(Given entries)

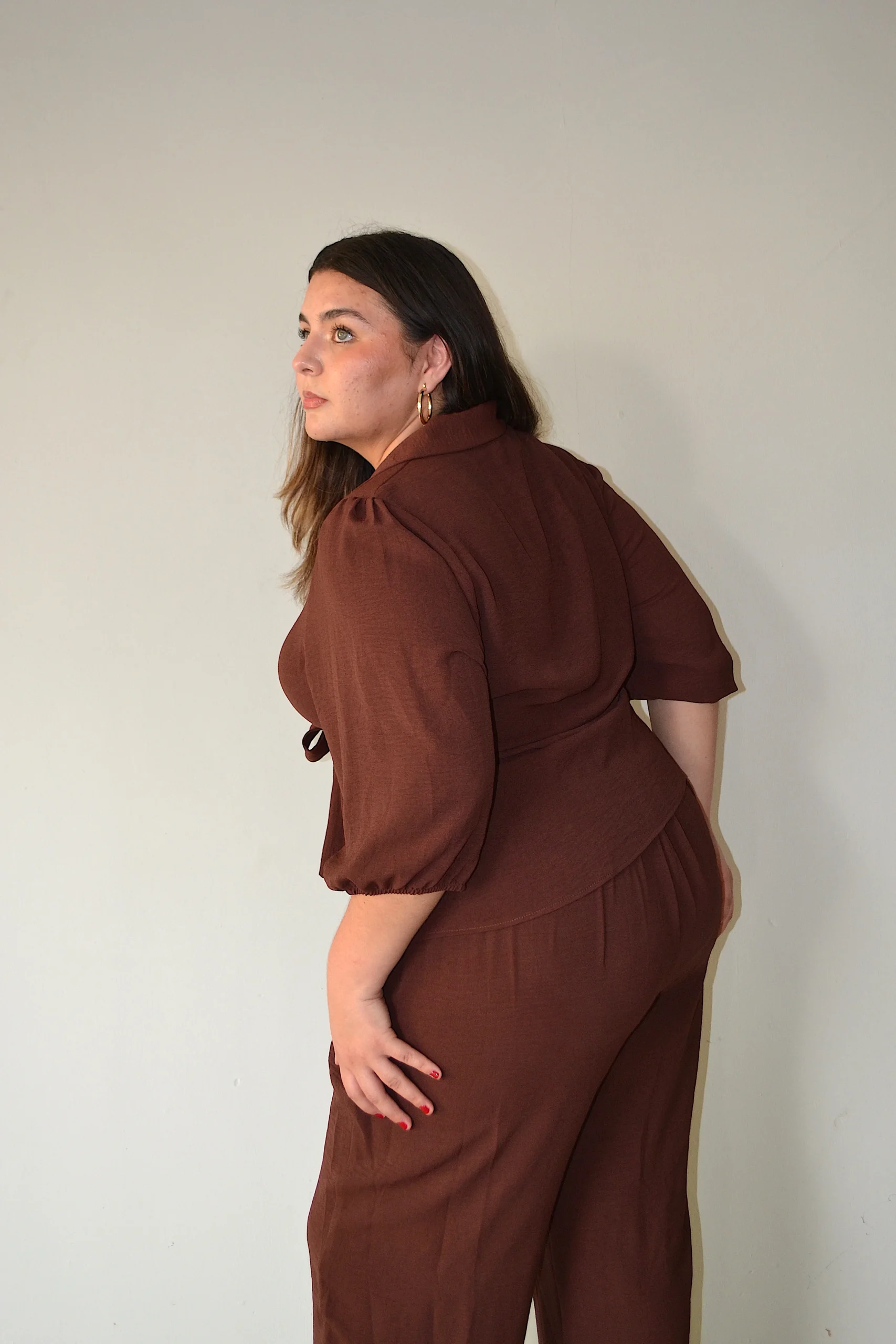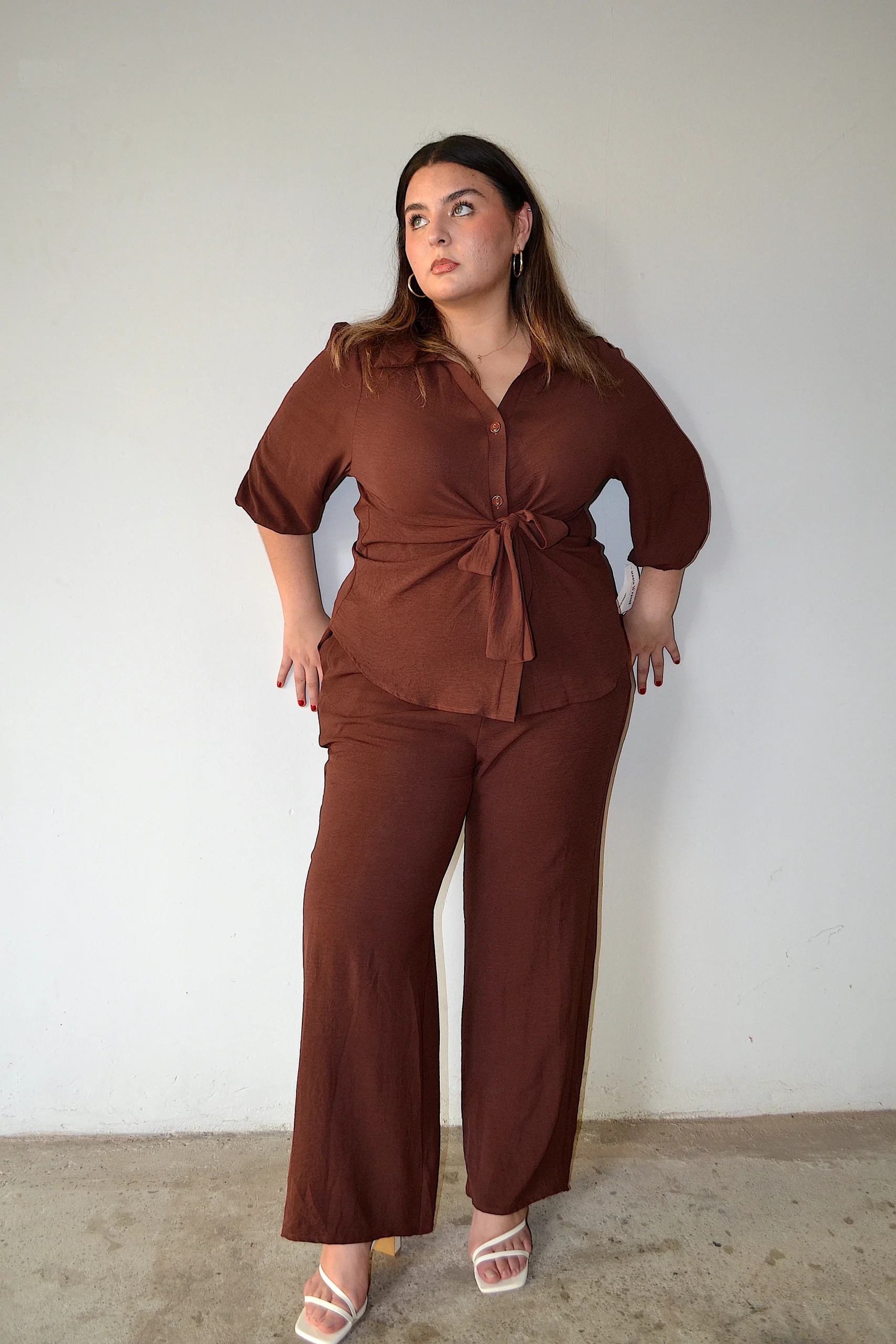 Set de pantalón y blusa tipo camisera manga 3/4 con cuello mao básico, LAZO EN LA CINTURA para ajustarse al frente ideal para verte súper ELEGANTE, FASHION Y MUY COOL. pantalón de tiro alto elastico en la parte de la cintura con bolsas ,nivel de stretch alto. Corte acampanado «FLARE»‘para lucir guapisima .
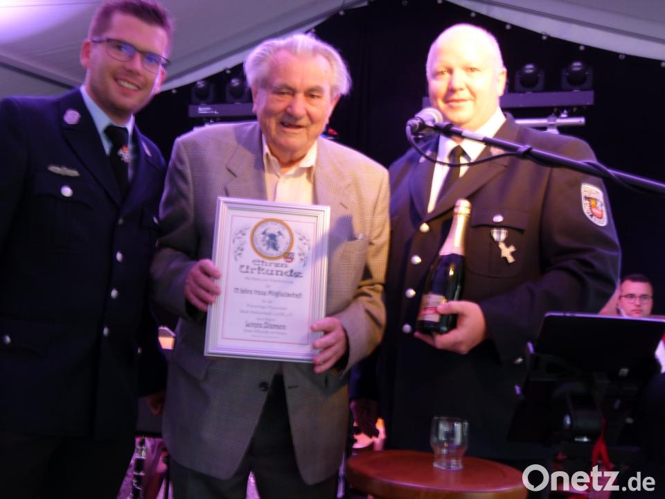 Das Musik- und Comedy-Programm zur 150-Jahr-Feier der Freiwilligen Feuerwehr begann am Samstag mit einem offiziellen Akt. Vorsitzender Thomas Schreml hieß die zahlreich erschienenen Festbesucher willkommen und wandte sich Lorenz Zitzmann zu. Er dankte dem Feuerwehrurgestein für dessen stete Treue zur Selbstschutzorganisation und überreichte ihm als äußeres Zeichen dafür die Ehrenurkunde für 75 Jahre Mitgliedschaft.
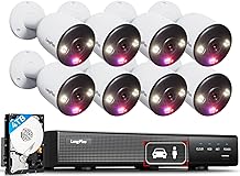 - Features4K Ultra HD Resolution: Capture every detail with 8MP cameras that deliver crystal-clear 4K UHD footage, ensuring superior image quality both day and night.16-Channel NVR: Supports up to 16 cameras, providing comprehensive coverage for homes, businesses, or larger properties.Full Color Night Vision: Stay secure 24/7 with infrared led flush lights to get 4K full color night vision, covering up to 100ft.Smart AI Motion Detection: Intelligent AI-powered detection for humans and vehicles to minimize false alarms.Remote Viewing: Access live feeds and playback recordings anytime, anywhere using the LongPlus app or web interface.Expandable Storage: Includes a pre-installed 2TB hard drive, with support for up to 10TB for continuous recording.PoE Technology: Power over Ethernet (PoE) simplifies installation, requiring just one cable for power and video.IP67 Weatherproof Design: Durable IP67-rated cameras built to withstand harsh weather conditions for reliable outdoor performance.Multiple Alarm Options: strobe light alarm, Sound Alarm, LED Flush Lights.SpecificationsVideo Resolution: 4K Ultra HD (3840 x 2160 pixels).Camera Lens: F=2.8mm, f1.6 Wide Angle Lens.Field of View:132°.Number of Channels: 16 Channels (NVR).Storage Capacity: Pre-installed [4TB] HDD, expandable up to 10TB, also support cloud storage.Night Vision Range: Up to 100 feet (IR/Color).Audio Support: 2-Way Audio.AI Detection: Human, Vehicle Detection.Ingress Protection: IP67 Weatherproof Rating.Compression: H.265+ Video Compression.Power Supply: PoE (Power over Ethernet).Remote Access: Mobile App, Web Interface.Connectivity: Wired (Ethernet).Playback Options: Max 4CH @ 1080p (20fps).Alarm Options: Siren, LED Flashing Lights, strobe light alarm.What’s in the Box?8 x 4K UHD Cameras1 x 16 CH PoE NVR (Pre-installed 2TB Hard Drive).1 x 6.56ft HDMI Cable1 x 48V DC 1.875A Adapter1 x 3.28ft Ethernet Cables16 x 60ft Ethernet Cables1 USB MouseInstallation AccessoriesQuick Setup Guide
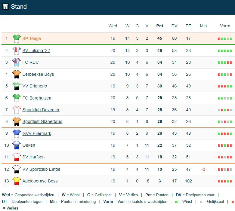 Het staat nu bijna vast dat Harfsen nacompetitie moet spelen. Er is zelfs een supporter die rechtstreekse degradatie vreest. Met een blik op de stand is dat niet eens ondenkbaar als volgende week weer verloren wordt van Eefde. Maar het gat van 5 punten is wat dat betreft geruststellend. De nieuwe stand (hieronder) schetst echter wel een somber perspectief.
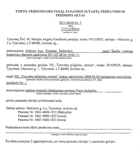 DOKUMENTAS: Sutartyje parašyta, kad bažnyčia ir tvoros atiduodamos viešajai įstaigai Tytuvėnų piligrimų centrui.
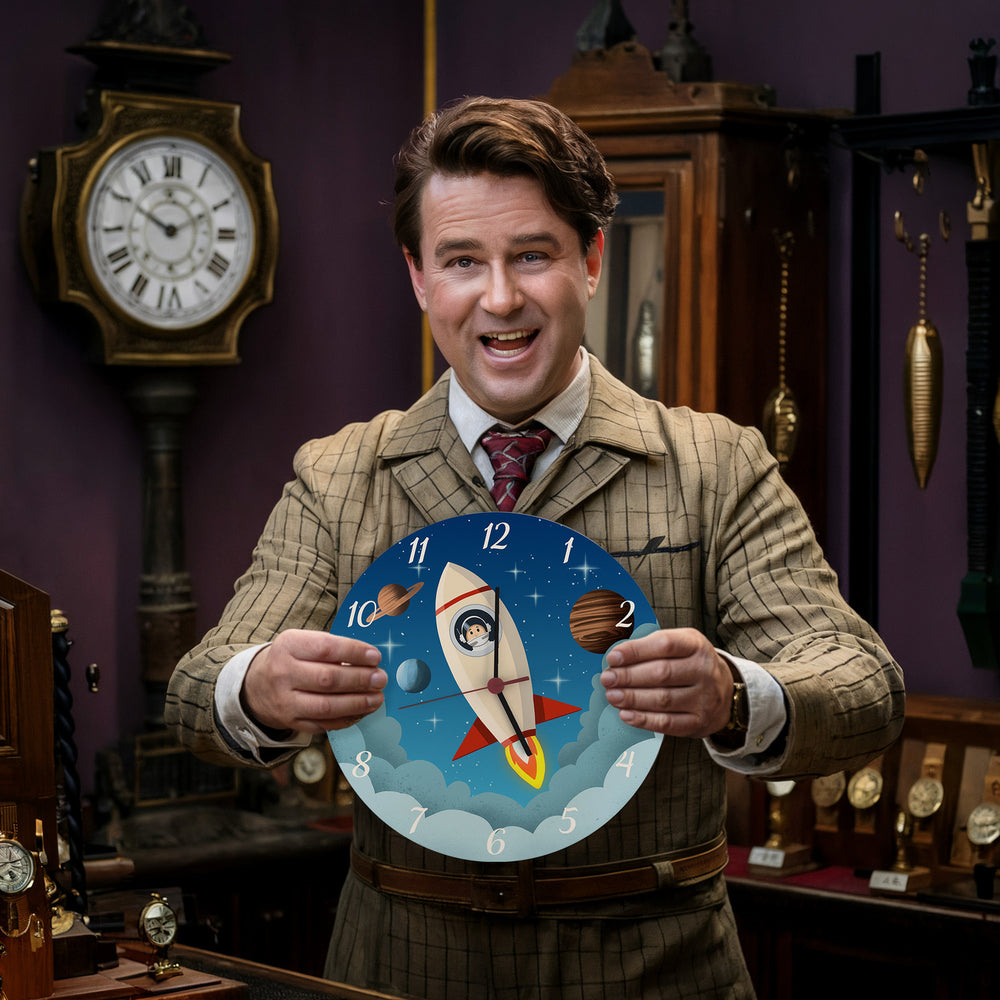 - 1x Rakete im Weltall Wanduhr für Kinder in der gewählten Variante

(End Given entries)

Retype every entry exactly as written, but omit the pictures.

 Set de pantalón y blusa tipo camisera manga 3/4 con cuello mao básico, LAZO EN LA CINTURA para ajustarse al frente ideal para verte súper ELEGANTE, FASHION Y MUY COOL. pantalón de tiro alto elastico en la parte de la cintura con bolsas ,nivel de stretch alto. Corte acampanado «FLARE»‘para lucir guapisima .
 Das Musik- und Comedy-Programm zur 150-Jahr-Feier der Freiwilligen Feuerwehr begann am Samstag mit einem offiziellen Akt. Vorsitzender Thomas Schreml hieß die zahlreich erschienenen Festbesucher willkommen und wandte sich Lorenz Zitzmann zu. Er dankte dem Feuerwehrurgestein für dessen stete Treue zur Selbstschutzorganisation und überreichte ihm als äußeres Zeichen dafür die Ehrenurkunde für 75 Jahre Mitgliedschaft.
 - Features4K Ultra HD Resolution: Capture every detail with 8MP cameras that deliver crystal-clear 4K UHD footage, ensuring superior image quality both day and night.16-Channel NVR: Supports up to 16 cameras, providing comprehensive coverage for homes, businesses, or larger properties.Full Color Night Vision: Stay secure 24/7 with infrared led flush lights to get 4K full color night vision, covering up to 100ft.Smart AI Motion Detection: Intelligent AI-powered detection for humans and vehicles to minimize false alarms.Remote Viewing: Access live feeds and playback recordings anytime, anywhere using the LongPlus app or web interface.Expandable Storage: Includes a pre-installed 2TB hard drive, with support for up to 10TB for continuous recording.PoE Technology: Power over Ethernet (PoE) simplifies installation, requiring just one cable for power and video.IP67 Weatherproof Design: Durable IP67-rated cameras built to withstand harsh weather conditions for reliable outdoor performance.Multiple Alarm Options: strobe light alarm, Sound Alarm, LED Flush Lights.SpecificationsVideo Resolution: 4K Ultra HD (3840 x 2160 pixels).Camera Lens: F=2.8mm, f1.6 Wide Angle Lens.Field of View:132°.Number of Channels: 16 Channels (NVR).Storage Capacity: Pre-installed [4TB] HDD, expandable up to 10TB, also support cloud storage.Night Vision Range: Up to 100 feet (IR/Color).Audio Support: 2-Way Audio.AI Detection: Human, Vehicle Detection.Ingress Protection: IP67 Weatherproof Rating.Compression: H.265+ Video Compression.Power Supply: PoE (Power over Ethernet).Remote Access: Mobile App, Web Interface.Connectivity: Wired (Ethernet).Playback Options: Max 4CH @ 1080p (20fps).Alarm Options: Siren, LED Flashing Lights, strobe light alarm.What’s in the Box?8 x 4K UHD Cameras1 x 16 CH PoE NVR (Pre-installed 2TB Hard Drive).1 x 6.56ft HDMI Cable1 x 48V DC 1.875A Adapter1 x 3.28ft Ethernet Cables16 x 60ft Ethernet Cables1 USB MouseInstallation AccessoriesQuick Setup Guide
 Het staat nu bijna vast dat Harfsen nacompetitie moet spelen. Er is zelfs een supporter die rechtstreekse degradatie vreest. Met een blik op de stand is dat niet eens ondenkbaar als volgende week weer verloren wordt van Eefde. Maar het gat van 5 punten is wat dat betreft geruststellend. De nieuwe stand (hieronder) schetst echter wel een somber perspectief.
 DOKUMENTAS: Sutartyje parašyta, kad bažnyčia ir tvoros atiduodamos viešajai įstaigai Tytuvėnų piligrimų centrui.
 - 1x Rakete im Weltall Wanduhr für Kinder in der gewählten Variante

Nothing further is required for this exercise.